Mahfud MD menyatakan kemarahannya terhadap ucapan tersebut. Menurutnya, pernyataan itu bisa menyesatkan publik dan mencemarkan citra negara. Ia menilai bahwa Dwi Sasetyanigtyas telah merasa puas dengan pendidikan yang diterimanya dari negara, namun justru melecehkannya di depan publik. Meski marah, Mahfud menegaskan bahwa ia memahami kekecewaan Dwi karena adanya fakta-fakta lapangan yang mengecewakan, seperti pungli, pemerasan izin usaha, hingga hukum yang bisa dibeli.

Namun, Mahfud menekankan bahwa kekecewaan tidak boleh dilayani dengan cara yang tidak pantas. Ia menyarankan agar pemerintah melakukan introspeksi diri dan tidak hanya memberikan sanksi secara reaktif.

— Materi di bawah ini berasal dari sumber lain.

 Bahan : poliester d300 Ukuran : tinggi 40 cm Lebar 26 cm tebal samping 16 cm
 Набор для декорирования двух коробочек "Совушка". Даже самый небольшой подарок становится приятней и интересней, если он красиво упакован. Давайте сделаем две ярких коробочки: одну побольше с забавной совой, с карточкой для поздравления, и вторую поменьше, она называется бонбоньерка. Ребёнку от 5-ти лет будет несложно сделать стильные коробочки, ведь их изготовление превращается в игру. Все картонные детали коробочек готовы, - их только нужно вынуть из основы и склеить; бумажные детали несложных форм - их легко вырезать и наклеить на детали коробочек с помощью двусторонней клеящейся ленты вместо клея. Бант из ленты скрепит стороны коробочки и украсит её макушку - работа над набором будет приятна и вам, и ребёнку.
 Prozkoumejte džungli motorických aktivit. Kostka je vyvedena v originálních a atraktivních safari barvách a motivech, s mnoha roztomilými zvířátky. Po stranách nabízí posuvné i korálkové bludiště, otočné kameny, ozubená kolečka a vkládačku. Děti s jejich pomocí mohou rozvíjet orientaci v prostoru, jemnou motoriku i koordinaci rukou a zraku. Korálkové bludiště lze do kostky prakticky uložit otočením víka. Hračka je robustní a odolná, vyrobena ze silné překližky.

Hotman Paris Hutapea juga menyampaikan penolakannya terhadap pernyataan Dwi. Menurutnya, ucapan tersebut tidak pantas disampaikan oleh seseorang yang pernah menerima beasiswa dari LPDP. Ia menegaskan bahwa dana LPDP berasal dari pajak rakyat, termasuk Pajak Penghasilan (PPh) dan Pajak Pertambahan Nilai (PPN). Hotman bahkan mengusulkan kepada Presiden untuk mencabut kewarganegaraan Dwi, karena menurutnya pernyataan tersebut dapat dianggap menghina bangsa di kancah internasional.

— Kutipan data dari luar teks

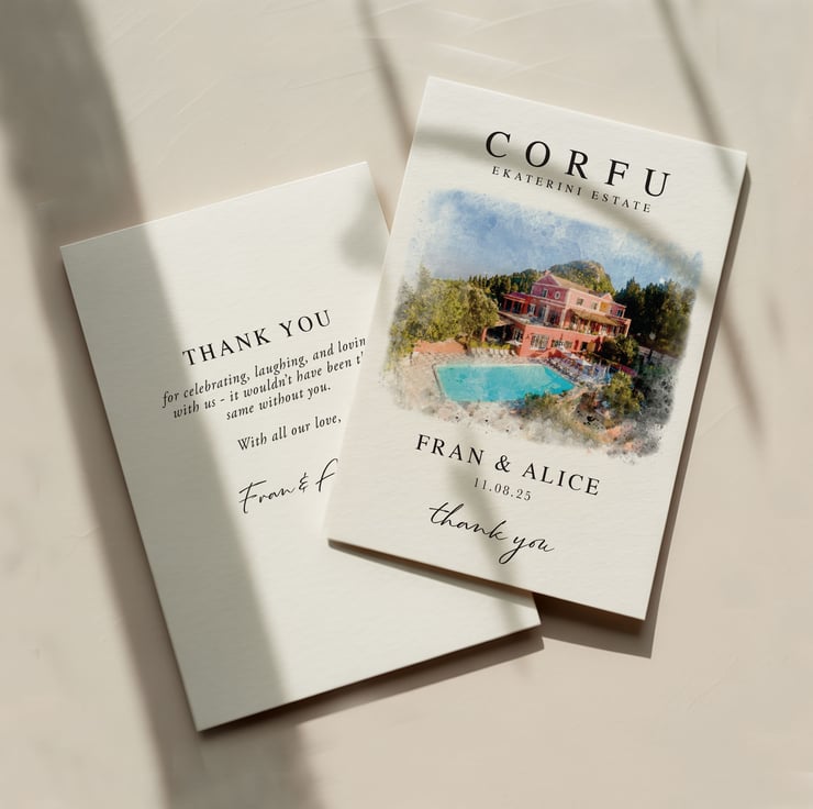 Every couple’s wedding day has its own magic - the laughter, the little details, and that one special place where it all happened. We wanted to bottle up a bit of that magic and give couples a way to share it with their guests. By turning a wedding venue into a beautiful illustration, each thank you card becomes more than stationery. It’s a story, a memory, and a keepsake all in one.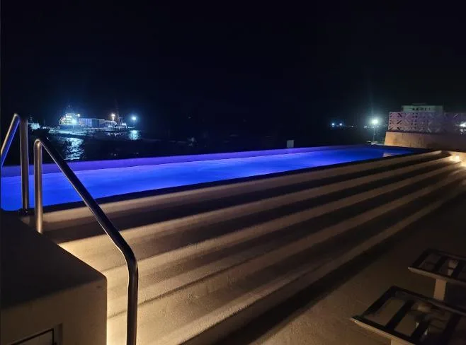 Building amenities include a panoramic rooftop pool, a rooftop terrace with a bar, and elevators. There is 24-hour security, a parking lot, a reception lobby, bicycle racks, and a CCTV system.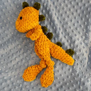 Fluffy Zebra. Πλεκτό βελουτέ δεινοσαυράκι/νάνι – Μουσταρδί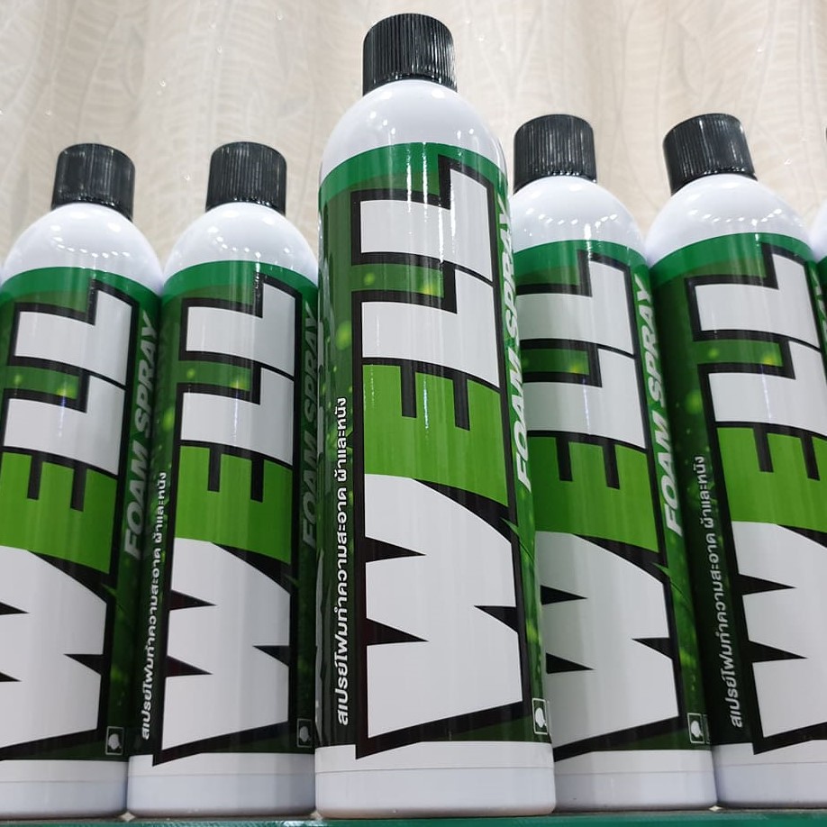 WELL Foam Spray(Vệ sinh khô đa năng siêu nhanh, xịt bọt tuyết- chai lớn)Công dụng: Vệ sinh khô vật dụng cấp tốc, làm sạch vết bẩn, khử trùng và nấm mốc, khử mùi mũ bảo hiểm, đồ bảo hộ, đồ da, giày bata, balô, túi xách, yên xe, sofa, nội thất ô tô.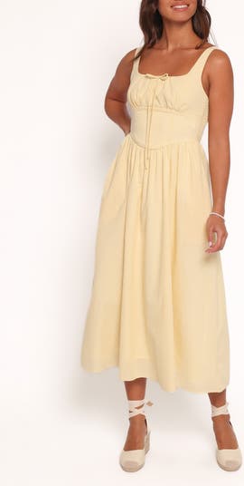 A corset-inspired bodice gives way to a swishy skirt in this midi dress cut from a cool cotton blend and perfect for your next elevated brunch look.
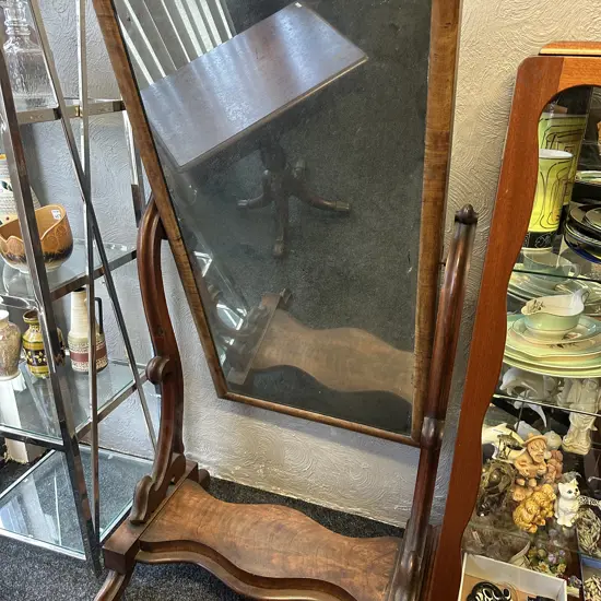 Antique Victorian Mahogany Full Length Free Standing Cheval Mirror On Metal Castors. H165cm (AF)

Anhar Gonggong, seorang politikus senior, juga menyampaikan kekecewaannya terhadap sikap Dwi. Ia menilai bahwa pernyataan tersebut menunjukkan kurangnya rasa tanggung jawab sebagai warga negara. Anhar menegaskan bahwa Dwi seharusnya sadar bahwa kesempatan tinggal di Inggris itu diberikan oleh Republik Indonesia. Ia bahkan meminta pemerintah untuk memecat Dwi sebagai warga negara.

Tanggung Jawab Moral Penerima Beasiswa

Perdebatan ini juga memicu diskusi nasional tentang kebebasan berpendapat versus tanggung jawab moral. Banyak pengamat pendidikan menyoroti bagaimana pernyataan kontroversial bisa mencoreng reputasi lembaga pendidikan dan program beasiswa. Selain itu, banyak pihak mengingatkan pentingnya tanggung jawab publik bagi penerima beasiswa prestisius seperti LPDP.

Berdasarkan ketentuan resmi LPDP, awardee wajib kembali dan berkontribusi secara fisik di Indonesia selama dua kali masa studi ditambah satu tahun (2N+1), yang dijalankan secara berturut-turut setelah menyelesaikan pendidikan. Namun, beberapa netizen mengulik kehidupan pribadi Dwi, termasuk dugaan suaminya yang belum menuntaskan kewajiban sebagai penerima LPDP.

Reaksi Gubernur Jawa Timur

Gubernur Jawa Timur, Khofifah Indar Parawansa, juga mengungkapkan kekecewaannya terhadap polemik penerima beasiswa LPDP. Ia menilai bahwa pendanaan LPDP berasal dari negara yang asalnya juga dari rakyat, sehingga para penerima beasiswa memiliki tanggung jawab moral untuk belajar dengan sungguh-sungguh, berprestasi, dan kembali mengabdi untuk kemajuan Indonesia.

Khofifah menekankan bahwa generasi muda harus siap menjadi pemimpin emas yang akan mengisi etalase kepemimpinan. Ia meminta guru dan pengasuh untuk memberikan dedikasi terbaik bagi negara.

Penutup

Kejadian ini menjadi sorotan nasional, memicu diskusi mengenai kebebasan berpendapat versus tanggung jawab moral tokoh publik. Dari reaksi tokoh-tokoh seperti Mahfud MD, Hotman Paris Hutapea, dan Anhar Gonggong, terlihat bahwa masalah ini bukan hanya tentang pernyataan individu, tetapi juga tentang tanggung jawab moral terhadap negara dan rakyat. Di tengah perdebatan ini, penting bagi semua pihak untuk menjaga keseimbangan antara hak berbicara dan tanggung jawab sebagai warga negara.